Improved Image Quality For HMDs Like Oculus Rift
An anonymous reader writes "The combination of smartphone panels with relatively cheap and light-weight lenses enabled affordable wide-angle Head Mounted Displays like the Oculus Rift. However, these optics introduce distortions when viewing the image through the HMD. So far these have been compensated for in software by using post-processing pixel shaders that warp the image. However, by doing so a loss in image quality (sharpness) can be perceived. Now researchers from Intel found a way around this error by using different sampling for rendering, therefore potentially increasing the image quality of all current and future HMDs with a wide field of view."
Rather than applying barrel distortion to the final raster image, the researchers warp the scene geometry during rasterization. However, it currently requires ray tracing so it's a bit computationally expensive. Note that a vertex transformation can be used (with tessellation used to enhance the approximation), but the results are of variable quality.
Oculus Rift is one of the greatest products ever, and Ima let you finish, but this is even better for multi-monitor gaming.
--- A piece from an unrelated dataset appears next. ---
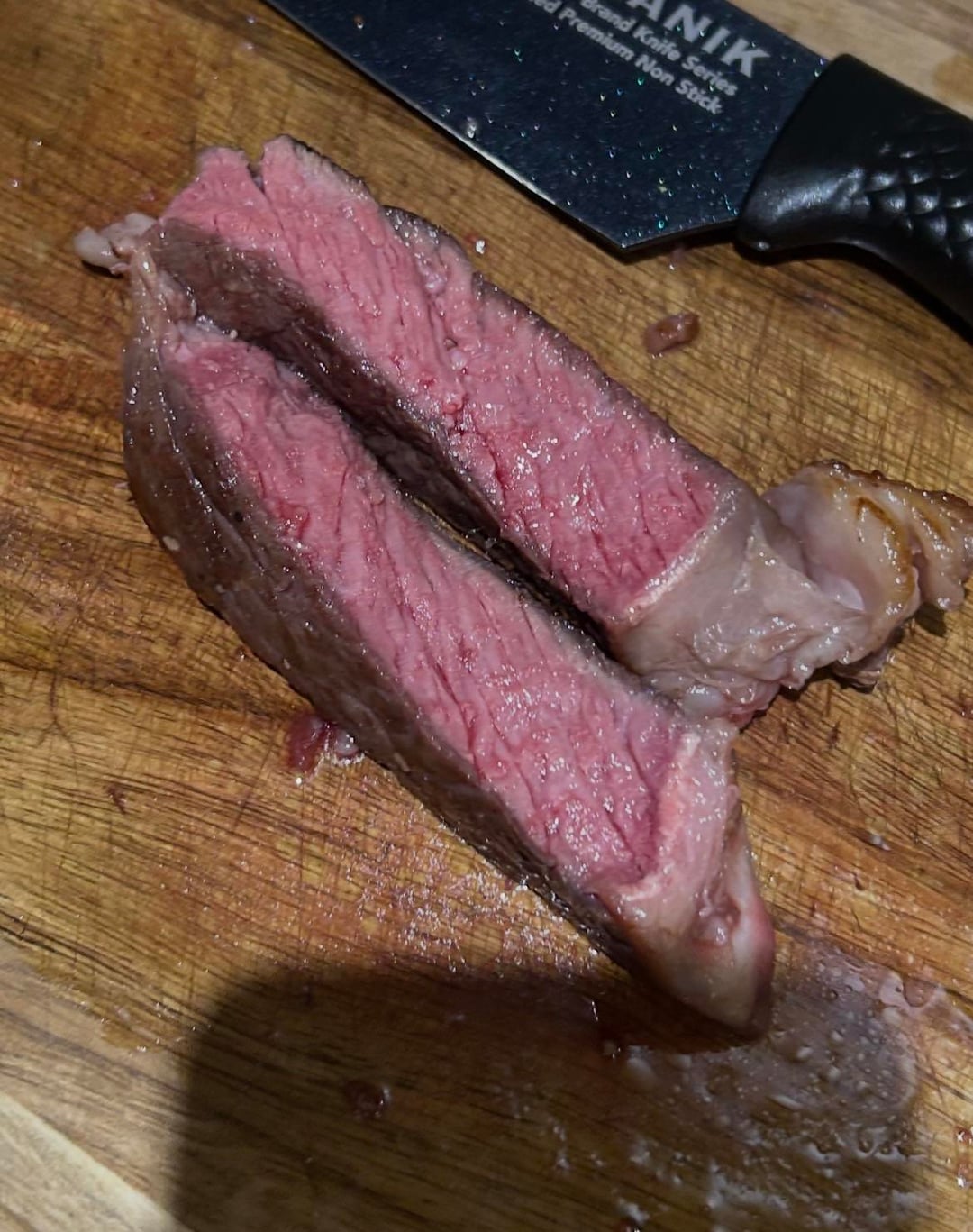Cooked at 56c for 2.5 hours, rested for 10 minutes and then seared in a stainless steel pan. The sear wasn’t my best and I think I should’ve butter basted it as well by Narrow-Machine129 Dining and Cooking
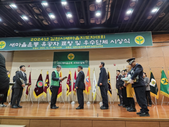 한편 이날 행사 중 진행된 새마을운동 유공자 및 우수단체 시상식에는 지역사회의 발전을 위해 헌신·봉사한 공로를 인정받아, 행정안전부장관 표창 1명, 경상북도지사 표창 8명, 김천시장 표창 31명, 국회의원 표창 1명, 김천시의회의장 표창 1명 등 총 31명의 유공자와 새마을운동 우수단체로 최우수상에 평화남산동, 우수상에 대신동, 율곡동, 장려상에 남면, 개령면, 대덕면, 특별상에 부항면, 지좌동 등 총 8개 읍면동이 수상의 영예를 안았다.

At least Oculus Rift had identified and addressed the problem of distortion, even though their solution loses image quality. Multi-monitor gaming has been garbage for a decade because everyone seems content with horrific distortion at large FOVs.
I know, it's all a matter of screen placement and eye positioning. That's dumb. I want a wrap-around image. I want to aim a projector at each of three walls and have the result make sense.
If you've tried Fisheye Quake, you know it's hell on your system, and still doesn't look great. If this technique is at all performance, everyone needs to start shipping with support, and they need to start yesterday.